Items listed in a dataset:
────────────────
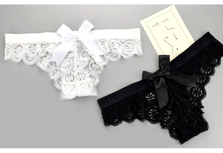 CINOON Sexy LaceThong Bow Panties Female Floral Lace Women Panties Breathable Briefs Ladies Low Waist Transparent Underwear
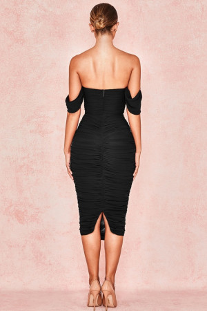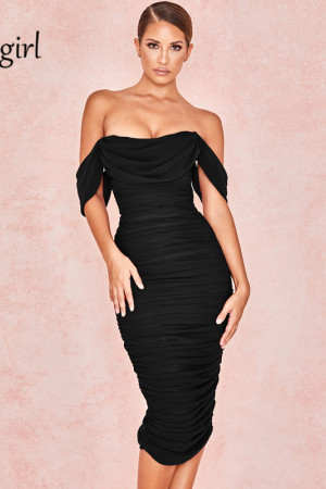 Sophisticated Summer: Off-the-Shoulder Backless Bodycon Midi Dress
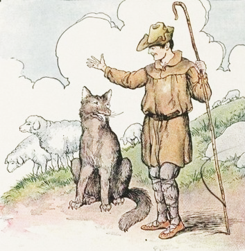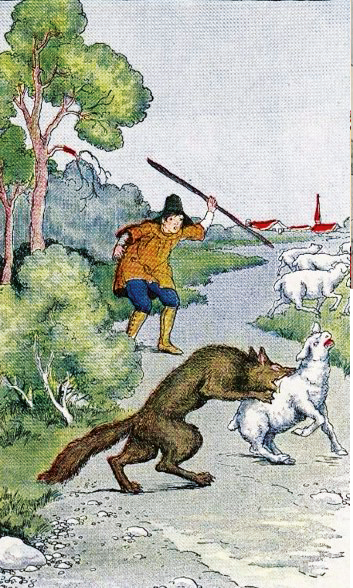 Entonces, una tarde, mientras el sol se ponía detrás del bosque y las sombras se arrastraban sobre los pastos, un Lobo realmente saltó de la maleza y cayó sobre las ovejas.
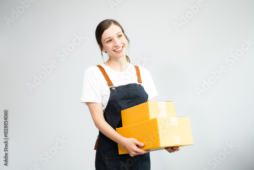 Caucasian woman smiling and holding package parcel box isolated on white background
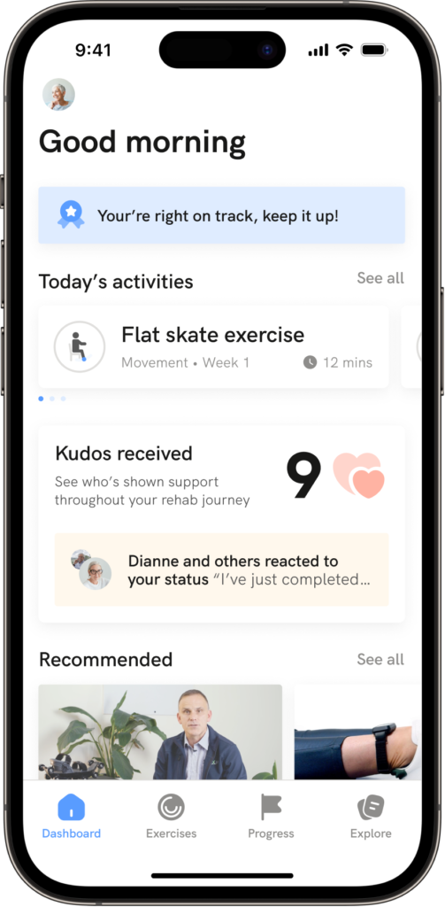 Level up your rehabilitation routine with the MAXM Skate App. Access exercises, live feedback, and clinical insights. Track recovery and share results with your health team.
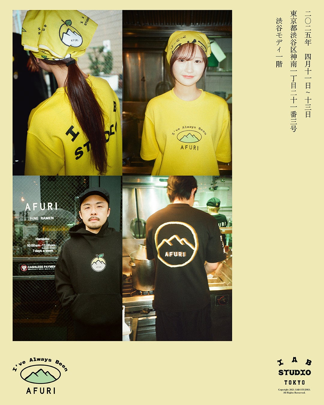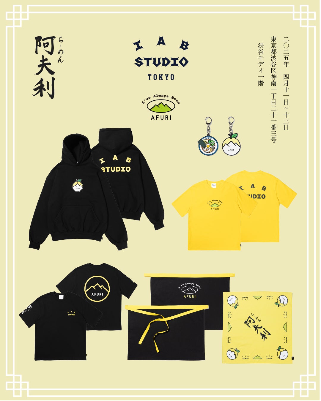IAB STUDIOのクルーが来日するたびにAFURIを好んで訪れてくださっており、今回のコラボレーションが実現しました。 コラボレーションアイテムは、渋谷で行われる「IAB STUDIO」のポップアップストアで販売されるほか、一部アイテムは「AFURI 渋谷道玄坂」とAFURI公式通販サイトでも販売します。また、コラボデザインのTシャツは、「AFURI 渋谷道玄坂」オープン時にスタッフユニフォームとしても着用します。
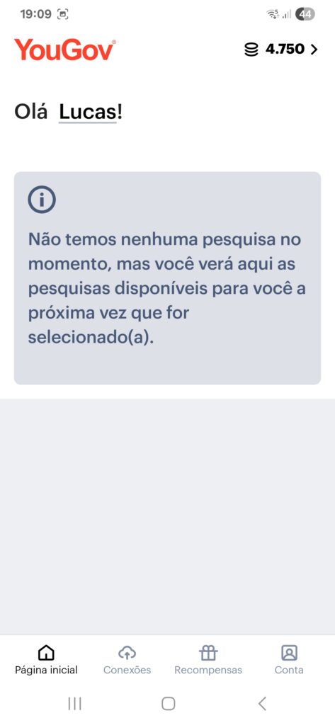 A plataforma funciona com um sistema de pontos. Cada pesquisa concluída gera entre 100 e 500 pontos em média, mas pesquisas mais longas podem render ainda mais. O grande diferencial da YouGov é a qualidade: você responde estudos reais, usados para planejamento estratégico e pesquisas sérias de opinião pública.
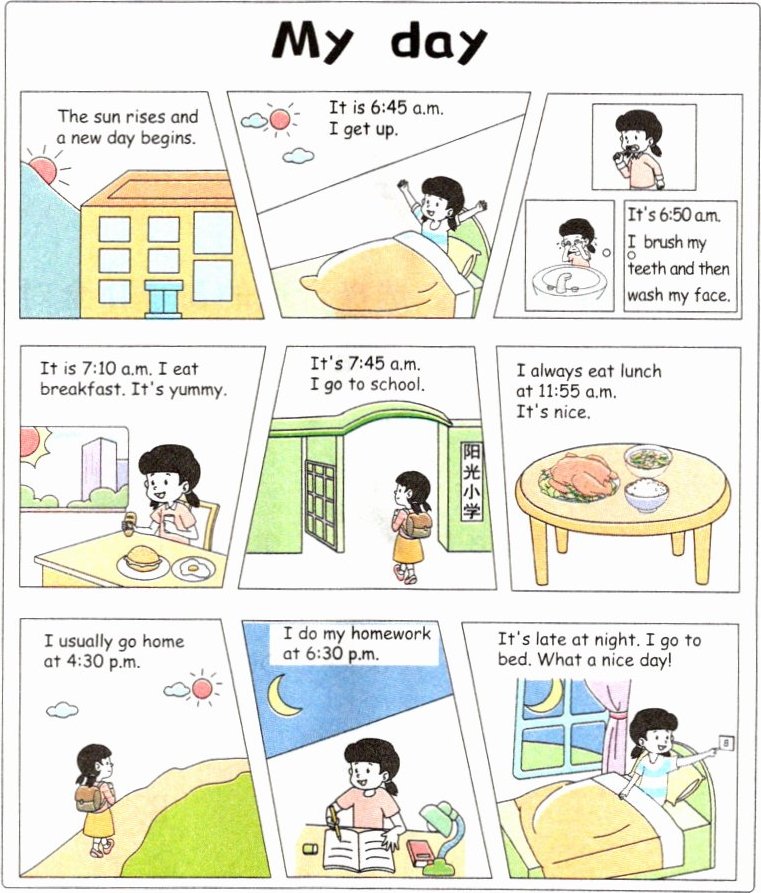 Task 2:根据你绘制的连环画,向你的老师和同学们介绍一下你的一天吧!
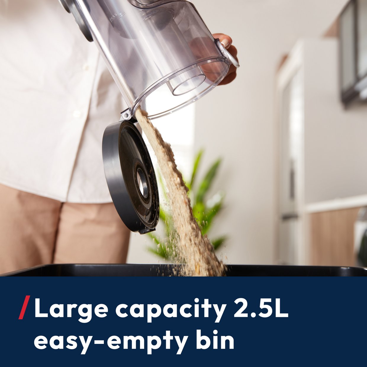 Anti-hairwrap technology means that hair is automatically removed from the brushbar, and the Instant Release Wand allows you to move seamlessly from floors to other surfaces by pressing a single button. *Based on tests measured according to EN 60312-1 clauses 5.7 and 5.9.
────────────────
_Exercise description_
Print exactly the lines above that run from the one with "Caucasian woman smiling" to the one with "Task 2:根据你绘制的连环画,向你的老师和同学们介绍一下你的一天吧!", both included. No pictures.

_Response to the task_
 Caucasian woman smiling and holding package parcel box isolated on white background
 Level up your rehabilitation routine with the MAXM Skate App. Access exercises, live feedback, and clinical insights. Track recovery and share results with your health team.
IAB STUDIOのクルーが来日するたびにAFURIを好んで訪れてくださっており、今回のコラボレーションが実現しました。 コラボレーションアイテムは、渋谷で行われる「IAB STUDIO」のポップアップストアで販売されるほか、一部アイテムは「AFURI 渋谷道玄坂」とAFURI公式通販サイトでも販売します。また、コラボデザインのTシャツは、「AFURI 渋谷道玄坂」オープン時にスタッフユニフォームとしても着用します。
 A plataforma funciona com um sistema de pontos. Cada pesquisa concluída gera entre 100 e 500 pontos em média, mas pesquisas mais longas podem render ainda mais. O grande diferencial da YouGov é a qualidade: você responde estudos reais, usados para planejamento estratégico e pesquisas sérias de opinião pública.
 Task 2:根据你绘制的连环画,向你的老师和同学们介绍一下你的一天吧!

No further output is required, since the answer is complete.